Gorgonzola adds zip to creamy potatoes
Starches are a must for any holiday meal, but that doesn’t mean you’re stuck with basic mashed. Instantly upgrade your favorite spuds when you add flavorful gorgonzola. The robust flavor of gorgonzola pairs perfectly with white or sweet potatoes.
Baked Sweet Potatoes with Cranberry Gorgonzola Gremolata
Makes 6 servings
6 medium sweet potatoes
1/4 c. melted butter
1/2 tsp. salt
1/4 c. pure maple syrup
1/4 c. minced fresh parsley
1 lemon zested
1 clove garlic, minced finely
3 tablespoons minced pecans
3 tablespoons finely chopped dried cranberries
1 scallion minced
2 ounces Stella gorgonzola, crumbled
Preheat oven to 450 F. Place sweet potatoes on cookie sheet and bake for 30 minutes. Flip over and return to oven to bake until tender, about 20 minutes. Remove from oven and set aside.
When cool enough to do so safely, peel sweet potatoes or cut in half and scoop out the flesh. Place in a medium skillet over low heat with butter, salt and maple syrup for 5 minutes, basting the potatoes with the butter mixture occasionally. Lightly smash the potatoes until there is an even consistency.

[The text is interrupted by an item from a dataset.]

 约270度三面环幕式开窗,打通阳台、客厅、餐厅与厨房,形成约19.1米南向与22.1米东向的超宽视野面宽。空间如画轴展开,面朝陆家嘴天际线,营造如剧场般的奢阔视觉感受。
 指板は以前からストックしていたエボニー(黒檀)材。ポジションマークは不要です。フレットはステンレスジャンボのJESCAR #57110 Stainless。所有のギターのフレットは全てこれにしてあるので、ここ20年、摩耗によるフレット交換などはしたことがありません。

Hold over low heat.
In a small bowl, toss together parsley, lemon zest, garlic, pecans, cranberries and scallion. Gently fold in the gorgonzola.
Move sweet potatoes to a serving dish and sprinkle with the cranberry blue cheese gremolata. Serve hot.

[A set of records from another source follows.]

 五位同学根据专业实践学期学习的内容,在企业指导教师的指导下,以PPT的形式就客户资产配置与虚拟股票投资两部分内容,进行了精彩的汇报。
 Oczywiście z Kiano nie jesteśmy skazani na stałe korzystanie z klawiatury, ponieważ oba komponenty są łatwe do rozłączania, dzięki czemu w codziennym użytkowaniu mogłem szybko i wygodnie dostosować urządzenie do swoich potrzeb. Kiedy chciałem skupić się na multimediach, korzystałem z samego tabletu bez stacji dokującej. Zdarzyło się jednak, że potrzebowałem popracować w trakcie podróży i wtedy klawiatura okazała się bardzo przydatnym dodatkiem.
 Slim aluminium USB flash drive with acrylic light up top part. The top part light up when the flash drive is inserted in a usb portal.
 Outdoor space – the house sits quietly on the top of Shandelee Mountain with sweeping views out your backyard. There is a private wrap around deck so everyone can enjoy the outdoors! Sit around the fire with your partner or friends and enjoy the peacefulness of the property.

Cranberry Stuffing with Butternut Squash and Ripe Olives
1 medium butternut squash, peeled and cut into ½ inch dice
1 ½ teaspoons grape seed oil
salt and pepper, to taste
6 tablespoons butter, divided
1 medium leek, white parts only, cleaned and sliced
2 cups chopped celery
1 tablespoon chopped fresh sage
4 heaping cups sourdough bread chunks
¾ cup dried cranberries
6 slices thick cut bacon, cooked and crumbled
1 (6 ounce) can extra large California Ripe Olives, sliced
1 ½ – 2 cups chicken stock
Heat oven to 400°F and line a rimmed baking sheet with parchment. Add the diced butternut squash and drizzle with grape seed oil and season with salt and pepper. Roast for 35-40 minutes or until tender and lightly browned. Set aside when finished.
While squash is roasting, melt 2 tablespoons of butter in a large non-stick skillet and add leeks and celery. Sauté for 10-15 minutes, or until the leeks begin to soften, stirring frequently.
In a large bowl combine the roasted butternut squash, sautéed leeks, celery, sage, bread, dried cranberries, bacon and olives. Season with salt and pepper and add chicken stock until bread is moist but not soaked with liquid.
Transfer to 9×13 baking dish and top with remaining 4 tablespoons of diced butter. Reduce the oven temperature to 350°F and bake for 30-35 minutes. The top of the stuffing should be golden brown and crunchy.
Remove from the oven and serve immediately.